#### [AIM OF THE TASK]
An exact copy of the data is needed, but without any of its images.

#### [Dataset entries]
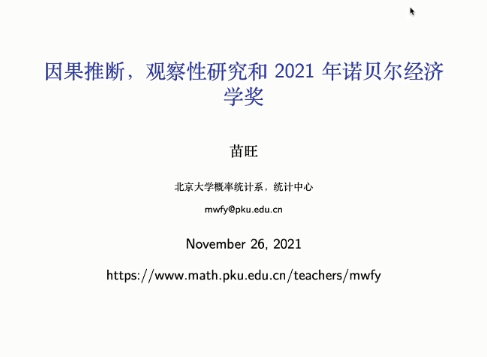 【专栏:前沿进展】因果推断是当下人工智能、机器学习领域中的热门话题之一。在 2021 年 11 月 26 日的青源 Talk 中,北京大学助理教授、青源会会员苗旺分享了题为「因果推断,观察性研究和 2021 年诺贝尔经济学奖」的报告。在本次报告中,苗旺老师首先介绍了 1989、2000、2021 三次诺贝尔经济学奖的背景,这三次诺奖得主的工作都与因果推理有着密切的关联。接着,苗旺老师回顾了统计学家对因果推理研究的贡献。在报告的第三部分中,苗旺老师讨论了以「混杂因素调整」为代表的观察性数据因果推断研究的最新进展。最后,苗旺老师展望了因果推断未来的发展方向。
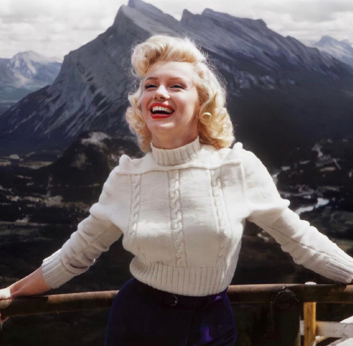 1953 年,玛丽莲·梦露在拍摄《不归之河》的外景地。
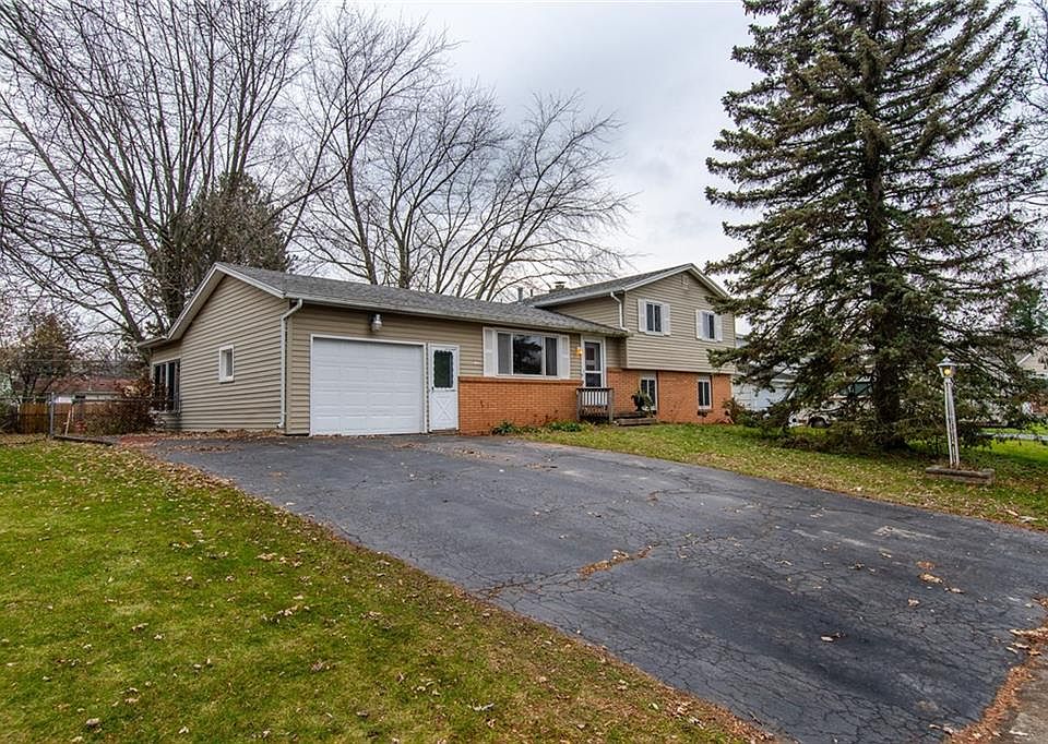 Ready for YOU! Handsome brick front vinyl sided roomy 6+ room 1,714 SF Split w/3 Floors of living space plus a FULL BASEMENT! You are going to love it here with space in all the right places. 3 bedrooms, 1.5 bathrooms, 2 living spaces and a H-U-G-E Family room with convenient powder room and a brick faced fireplace. Big fully applianced Eat-in Kitchen w/abundance of natural wood cabinets & plenty of countertop space is a chef's delight! The attached garage has convenient direct entry to the eat-in kitchen & easy access to L-A-R-G-E rear porch from garage & eat-in kitchen! You are going to Love it here! Nice 80' X 148' lot w/fenced rear yd. in mature neighborhood of well kept homes w/sidewalks and close to Wegmans. Newer Tear-off Roof(4yrs), Hardwood Floors under w/w, Central-air...Hurry!
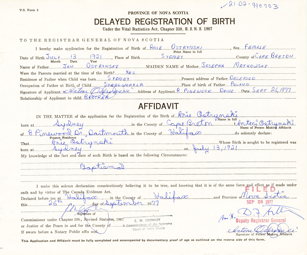 I hereby make application for the Registration of Birth of AnieOstrynski Sex Female
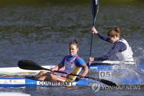 epa09476351 Isabel Contreras of Spain in action during the Womans K1 Kayak 500 meter final at the Canoe and Kayak sprint World Championsships 2021 at Bagsvaerd Lake, in Copenhagen, Denmark, 19 September 2021. EPA/Keld Navntoft DENMARK OUT
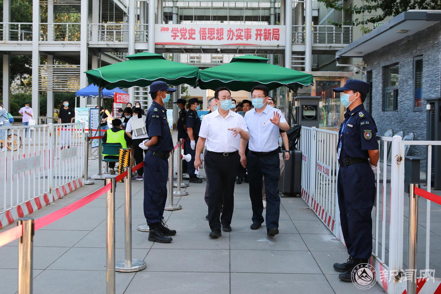 夏书记实地查看了学校北门人员入校、体温检测、核验健康码等情况,并关切地对改善北门周边环境提出了指示要求。
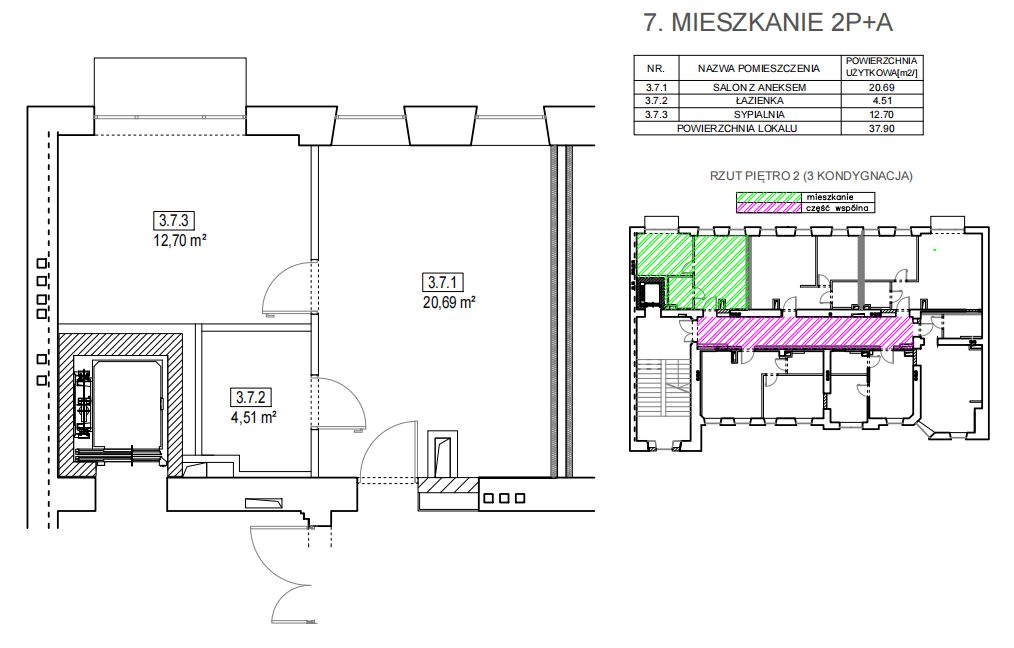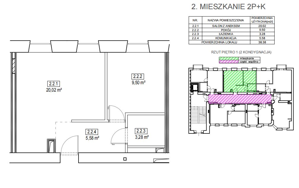 38 m2, drugie piętro, wys. 3.20m
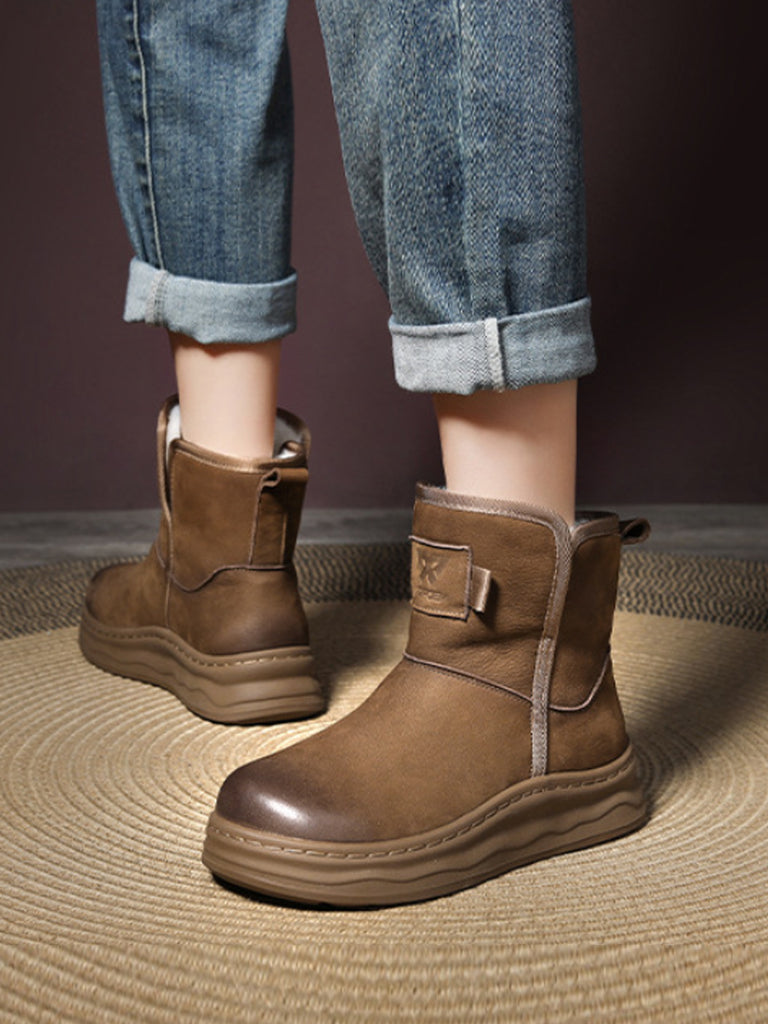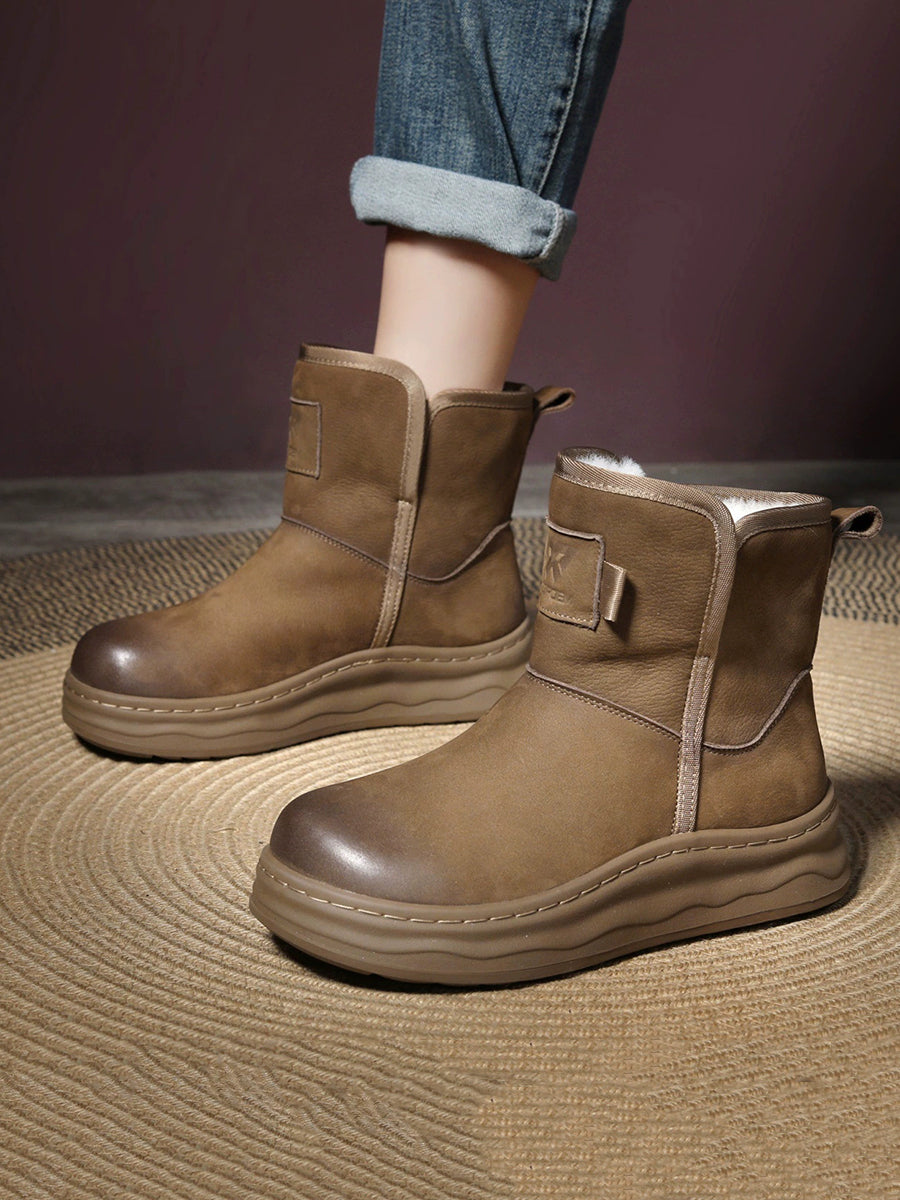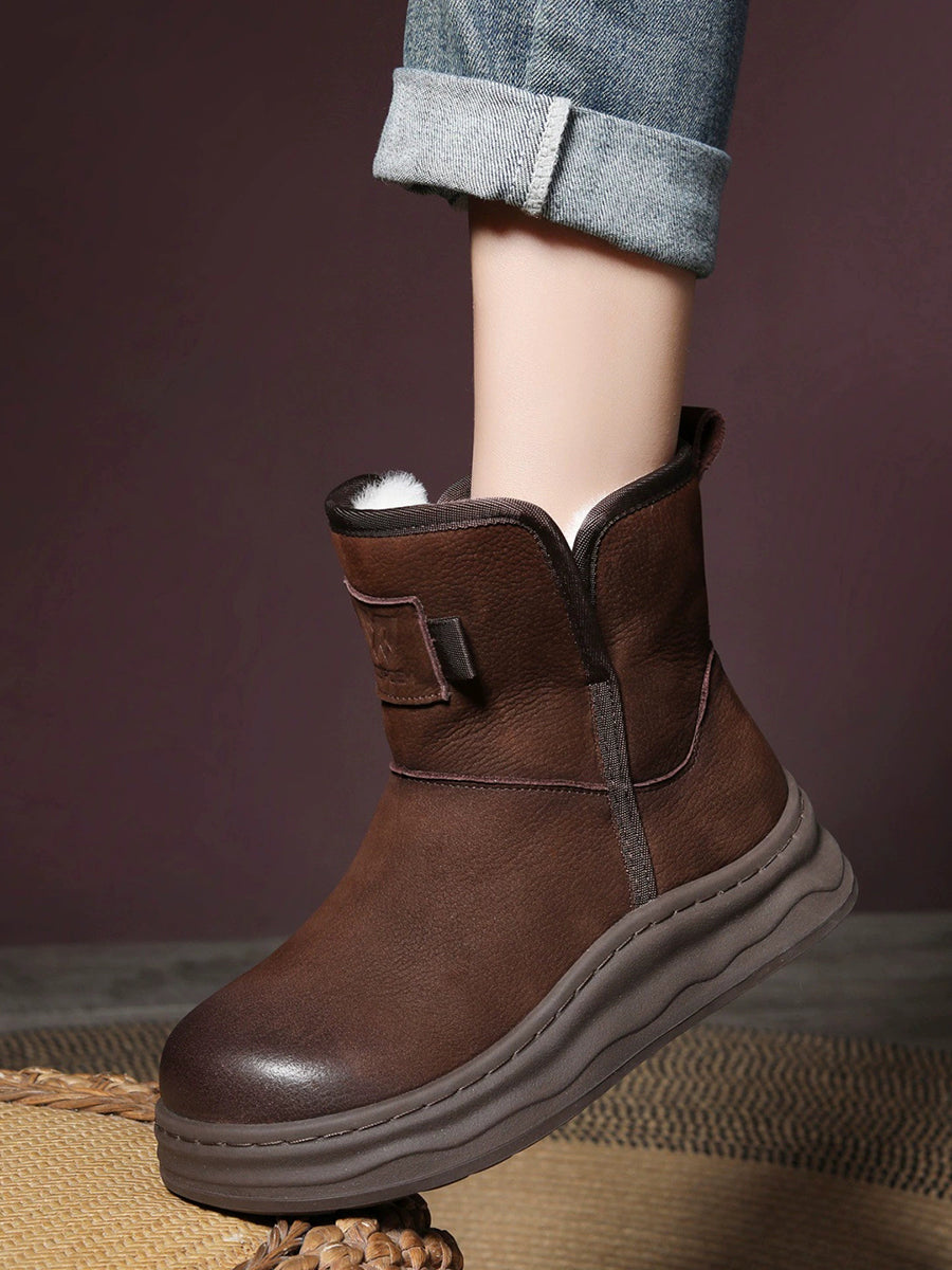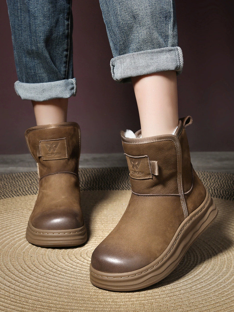Women Winter Genuine Leather Fleece-lined Boots

#### [EXERCISE SOLUTION]
 【专栏:前沿进展】因果推断是当下人工智能、机器学习领域中的热门话题之一。在 2021 年 11 月 26 日的青源 Talk 中,北京大学助理教授、青源会会员苗旺分享了题为「因果推断,观察性研究和 2021 年诺贝尔经济学奖」的报告。在本次报告中,苗旺老师首先介绍了 1989、2000、2021 三次诺贝尔经济学奖的背景,这三次诺奖得主的工作都与因果推理有着密切的关联。接着,苗旺老师回顾了统计学家对因果推理研究的贡献。在报告的第三部分中,苗旺老师讨论了以「混杂因素调整」为代表的观察性数据因果推断研究的最新进展。最后,苗旺老师展望了因果推断未来的发展方向。
 1953 年,玛丽莲·梦露在拍摄《不归之河》的外景地。
 Ready for YOU! Handsome brick front vinyl sided roomy 6+ room 1,714 SF Split w/3 Floors of living space plus a FULL BASEMENT! You are going to love it here with space in all the right places. 3 bedrooms, 1.5 bathrooms, 2 living spaces and a H-U-G-E Family room with convenient powder room and a brick faced fireplace. Big fully applianced Eat-in Kitchen w/abundance of natural wood cabinets & plenty of countertop space is a chef's delight! The attached garage has convenient direct entry to the eat-in kitchen & easy access to L-A-R-G-E rear porch from garage & eat-in kitchen! You are going to Love it here! Nice 80' X 148' lot w/fenced rear yd. in mature neighborhood of well kept homes w/sidewalks and close to Wegmans. Newer Tear-off Roof(4yrs), Hardwood Floors under w/w, Central-air...Hurry!
 I hereby make application for the Registration of Birth of AnieOstrynski Sex Female
 epa09476351 Isabel Contreras of Spain in action during the Womans K1 Kayak 500 meter final at the Canoe and Kayak sprint World Championsships 2021 at Bagsvaerd Lake, in Copenhagen, Denmark, 19 September 2021. EPA/Keld Navntoft DENMARK OUT
 夏书记实地查看了学校北门人员入校、体温检测、核验健康码等情况,并关切地对改善北门周边环境提出了指示要求。
 38 m2, drugie piętro, wys. 3.20m
Women Winter Genuine Leather Fleece-lined Boots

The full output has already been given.